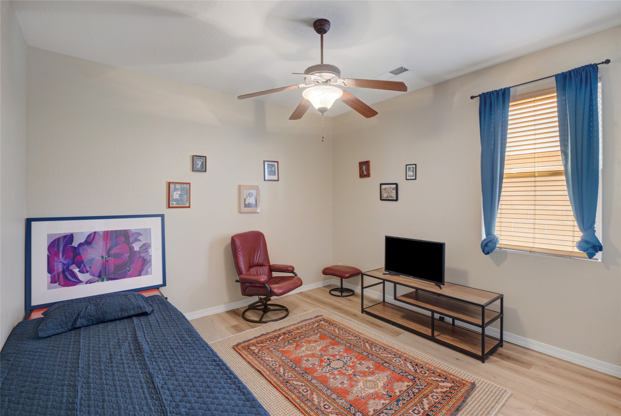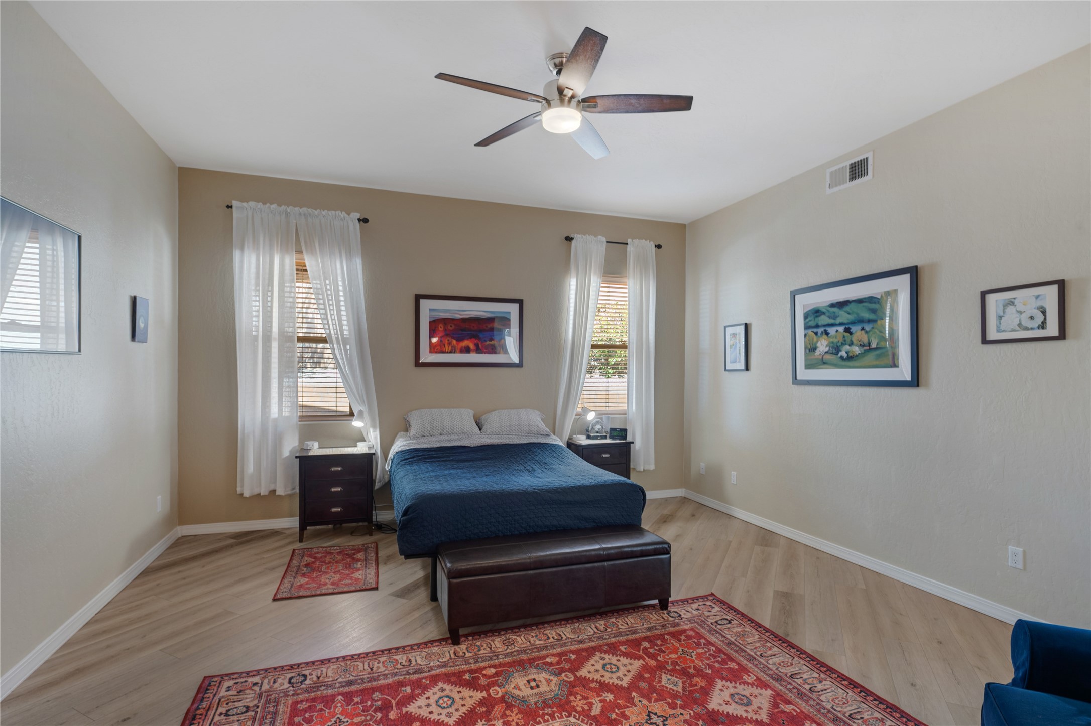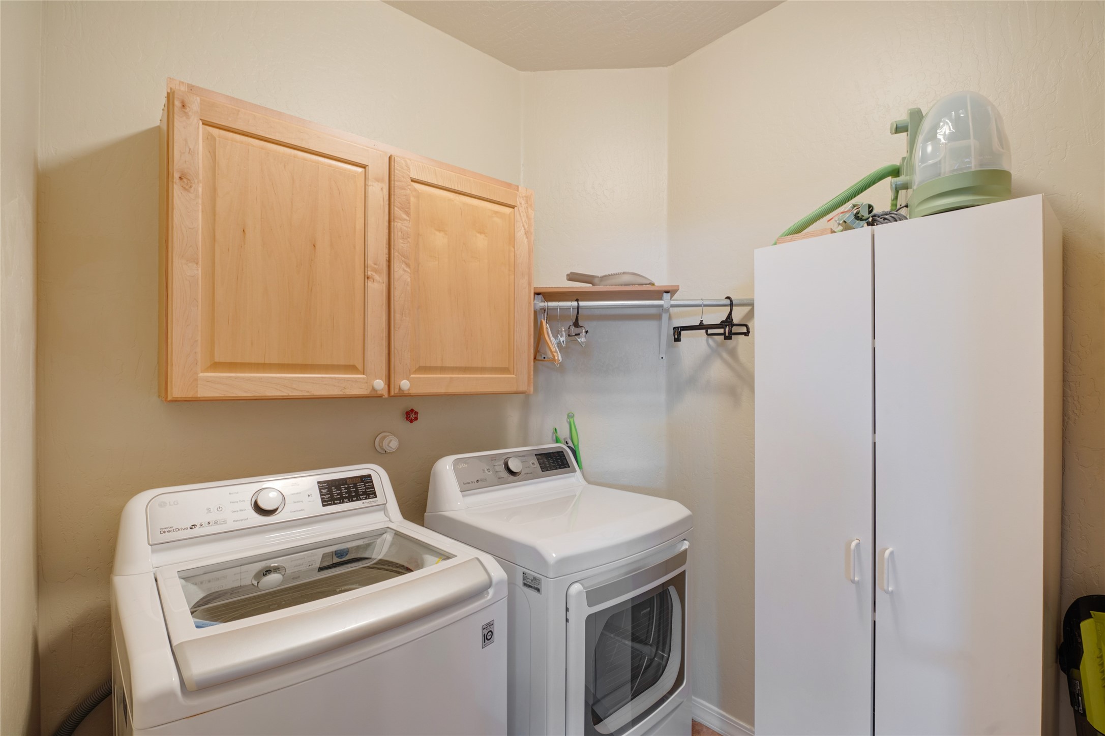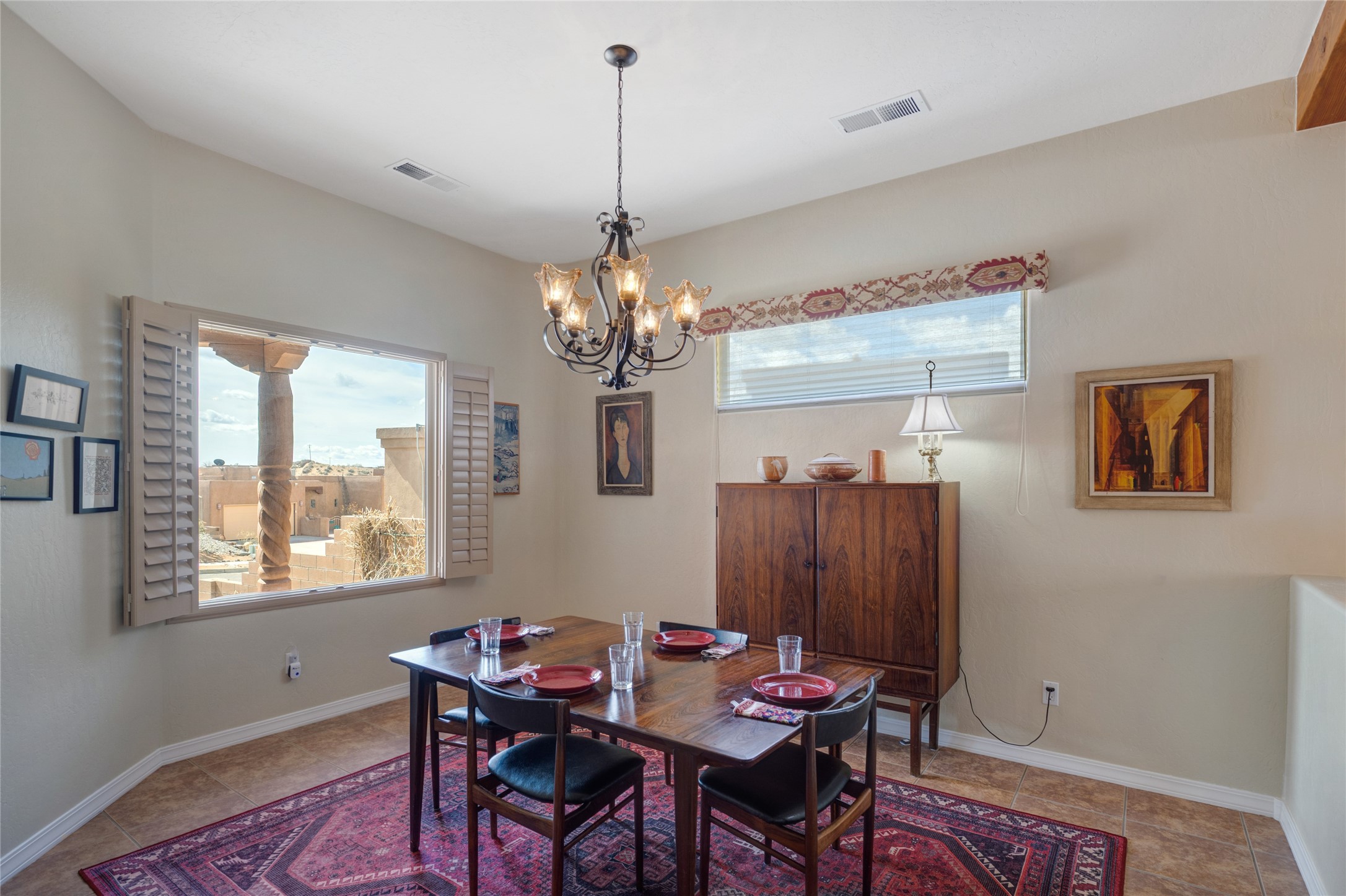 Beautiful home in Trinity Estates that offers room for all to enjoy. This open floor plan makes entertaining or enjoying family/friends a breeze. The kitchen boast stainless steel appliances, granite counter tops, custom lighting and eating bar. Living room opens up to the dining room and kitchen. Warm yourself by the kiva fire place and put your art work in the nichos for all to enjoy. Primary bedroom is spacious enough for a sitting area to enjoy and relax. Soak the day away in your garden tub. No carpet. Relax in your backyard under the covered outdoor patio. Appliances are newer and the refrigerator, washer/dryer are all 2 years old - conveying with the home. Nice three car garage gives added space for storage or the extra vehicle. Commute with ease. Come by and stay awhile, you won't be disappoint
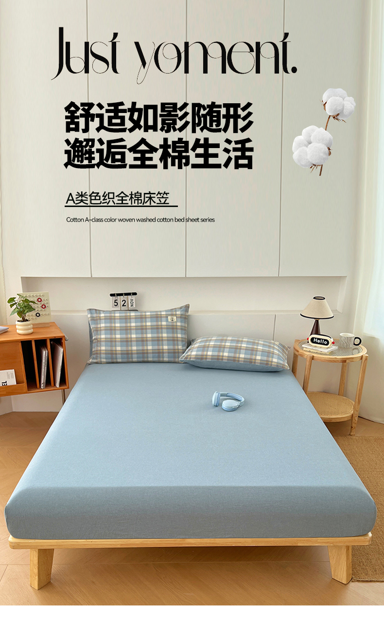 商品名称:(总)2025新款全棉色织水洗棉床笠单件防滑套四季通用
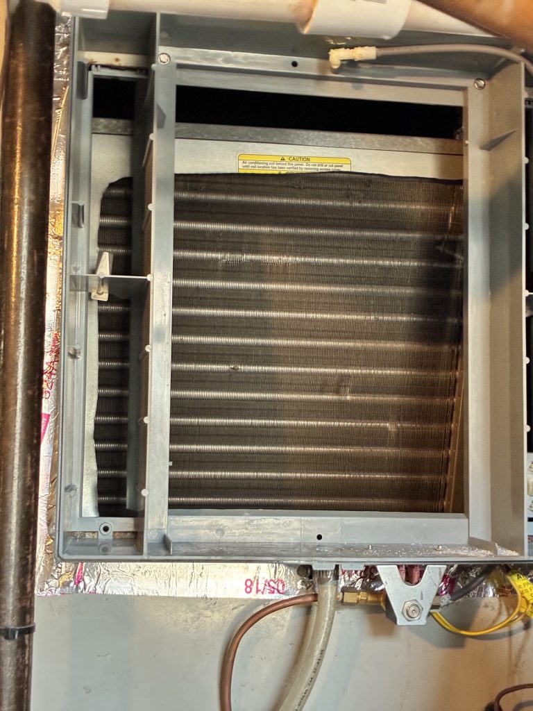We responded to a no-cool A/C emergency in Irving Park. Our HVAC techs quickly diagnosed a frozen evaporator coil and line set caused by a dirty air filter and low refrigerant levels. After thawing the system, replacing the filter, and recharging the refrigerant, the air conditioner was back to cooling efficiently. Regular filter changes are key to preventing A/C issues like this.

--

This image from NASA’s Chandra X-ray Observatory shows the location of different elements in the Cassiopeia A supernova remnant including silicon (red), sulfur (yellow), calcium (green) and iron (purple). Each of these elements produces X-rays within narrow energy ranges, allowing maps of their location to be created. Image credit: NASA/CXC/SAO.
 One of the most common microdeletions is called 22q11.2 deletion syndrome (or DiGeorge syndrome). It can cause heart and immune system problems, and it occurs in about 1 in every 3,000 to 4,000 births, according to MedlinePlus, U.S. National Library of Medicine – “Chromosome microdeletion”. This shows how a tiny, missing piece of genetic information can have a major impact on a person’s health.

==

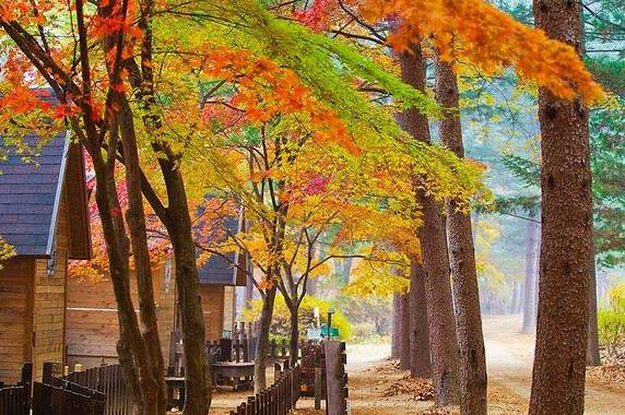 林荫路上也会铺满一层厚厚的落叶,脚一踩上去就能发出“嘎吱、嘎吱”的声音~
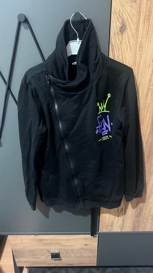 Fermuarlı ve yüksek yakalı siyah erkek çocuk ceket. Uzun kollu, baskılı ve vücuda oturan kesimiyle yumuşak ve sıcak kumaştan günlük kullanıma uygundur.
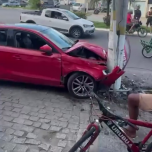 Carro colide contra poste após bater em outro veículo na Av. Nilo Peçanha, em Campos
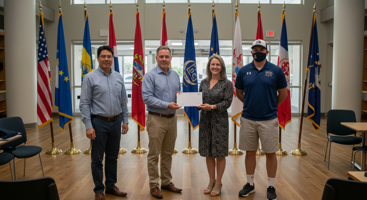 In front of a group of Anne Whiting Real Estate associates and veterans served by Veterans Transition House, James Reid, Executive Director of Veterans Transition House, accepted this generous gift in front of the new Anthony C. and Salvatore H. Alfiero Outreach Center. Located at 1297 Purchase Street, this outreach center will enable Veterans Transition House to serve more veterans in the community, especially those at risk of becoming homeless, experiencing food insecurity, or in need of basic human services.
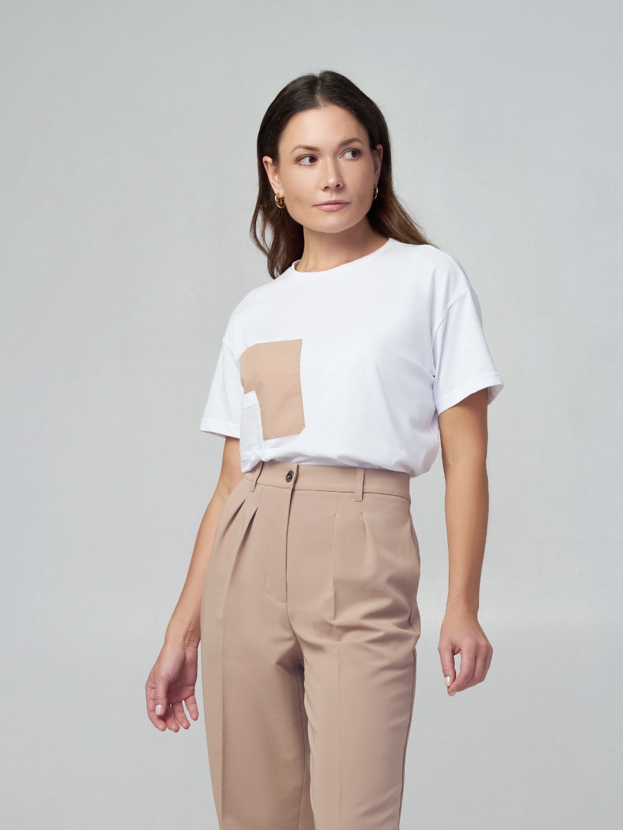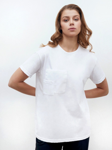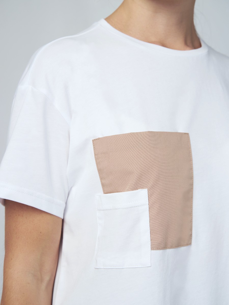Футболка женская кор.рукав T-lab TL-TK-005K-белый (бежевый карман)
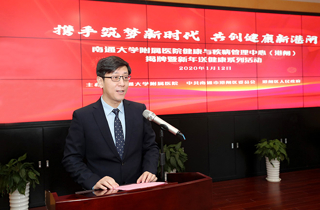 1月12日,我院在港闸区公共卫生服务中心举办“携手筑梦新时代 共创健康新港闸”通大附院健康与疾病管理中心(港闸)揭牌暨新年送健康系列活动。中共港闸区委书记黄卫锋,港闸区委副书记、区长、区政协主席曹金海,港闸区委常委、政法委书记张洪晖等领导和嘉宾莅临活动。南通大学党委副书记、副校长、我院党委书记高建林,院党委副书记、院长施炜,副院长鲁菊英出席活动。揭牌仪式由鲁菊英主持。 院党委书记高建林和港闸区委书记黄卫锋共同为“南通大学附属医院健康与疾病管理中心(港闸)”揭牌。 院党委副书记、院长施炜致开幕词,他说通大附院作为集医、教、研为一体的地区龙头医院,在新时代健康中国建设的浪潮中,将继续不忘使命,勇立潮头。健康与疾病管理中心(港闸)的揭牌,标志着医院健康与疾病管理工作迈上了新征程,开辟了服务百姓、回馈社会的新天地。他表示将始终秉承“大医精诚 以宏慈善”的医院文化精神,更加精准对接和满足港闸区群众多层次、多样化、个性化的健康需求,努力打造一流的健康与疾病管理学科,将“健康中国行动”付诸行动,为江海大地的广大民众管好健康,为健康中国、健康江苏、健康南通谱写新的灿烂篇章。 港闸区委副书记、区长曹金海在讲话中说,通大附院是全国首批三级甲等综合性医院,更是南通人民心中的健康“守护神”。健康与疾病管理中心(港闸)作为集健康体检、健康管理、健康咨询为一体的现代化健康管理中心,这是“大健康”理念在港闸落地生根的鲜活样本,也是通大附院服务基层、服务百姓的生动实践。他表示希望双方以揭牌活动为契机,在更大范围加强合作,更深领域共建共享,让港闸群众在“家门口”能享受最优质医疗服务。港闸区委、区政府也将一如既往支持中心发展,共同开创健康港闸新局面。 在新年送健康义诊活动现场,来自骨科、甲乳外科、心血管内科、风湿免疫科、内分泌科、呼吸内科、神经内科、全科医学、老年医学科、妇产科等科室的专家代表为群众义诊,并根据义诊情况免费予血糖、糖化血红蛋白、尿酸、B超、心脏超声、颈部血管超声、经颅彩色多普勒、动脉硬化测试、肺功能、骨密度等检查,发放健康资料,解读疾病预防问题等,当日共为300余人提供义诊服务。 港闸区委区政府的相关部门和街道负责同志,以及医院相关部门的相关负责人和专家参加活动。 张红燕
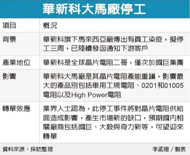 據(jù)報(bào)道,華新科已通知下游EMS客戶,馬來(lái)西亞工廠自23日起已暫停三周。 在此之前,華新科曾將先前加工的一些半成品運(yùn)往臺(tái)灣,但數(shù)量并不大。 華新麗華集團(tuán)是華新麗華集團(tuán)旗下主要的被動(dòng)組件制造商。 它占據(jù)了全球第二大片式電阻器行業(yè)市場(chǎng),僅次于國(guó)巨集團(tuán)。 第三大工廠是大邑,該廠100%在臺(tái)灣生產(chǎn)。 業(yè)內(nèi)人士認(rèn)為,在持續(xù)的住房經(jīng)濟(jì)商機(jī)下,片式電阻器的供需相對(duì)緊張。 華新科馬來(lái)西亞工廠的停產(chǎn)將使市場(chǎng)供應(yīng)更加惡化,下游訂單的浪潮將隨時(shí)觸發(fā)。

* _TASK ITEM_
Using the records above, list each line that includes "shows".

* _SOLUTION FOR THIS PROBLEM_
This image from NASA’s Chandra X-ray Observatory shows the location of different elements in the Cassiopeia A supernova remnant including silicon (red), sulfur (yellow), calcium (green) and iron (purple). Each of these elements produces X-rays within narrow energy ranges, allowing maps of their location to be created. Image credit: NASA/CXC/SAO.
 One of the most common microdeletions is called 22q11.2 deletion syndrome (or DiGeorge syndrome). It can cause heart and immune system problems, and it occurs in about 1 in every 3,000 to 4,000 births, according to MedlinePlus, U.S. National Library of Medicine – “Chromosome microdeletion”. This shows how a tiny, missing piece of genetic information can have a major impact on a person’s health.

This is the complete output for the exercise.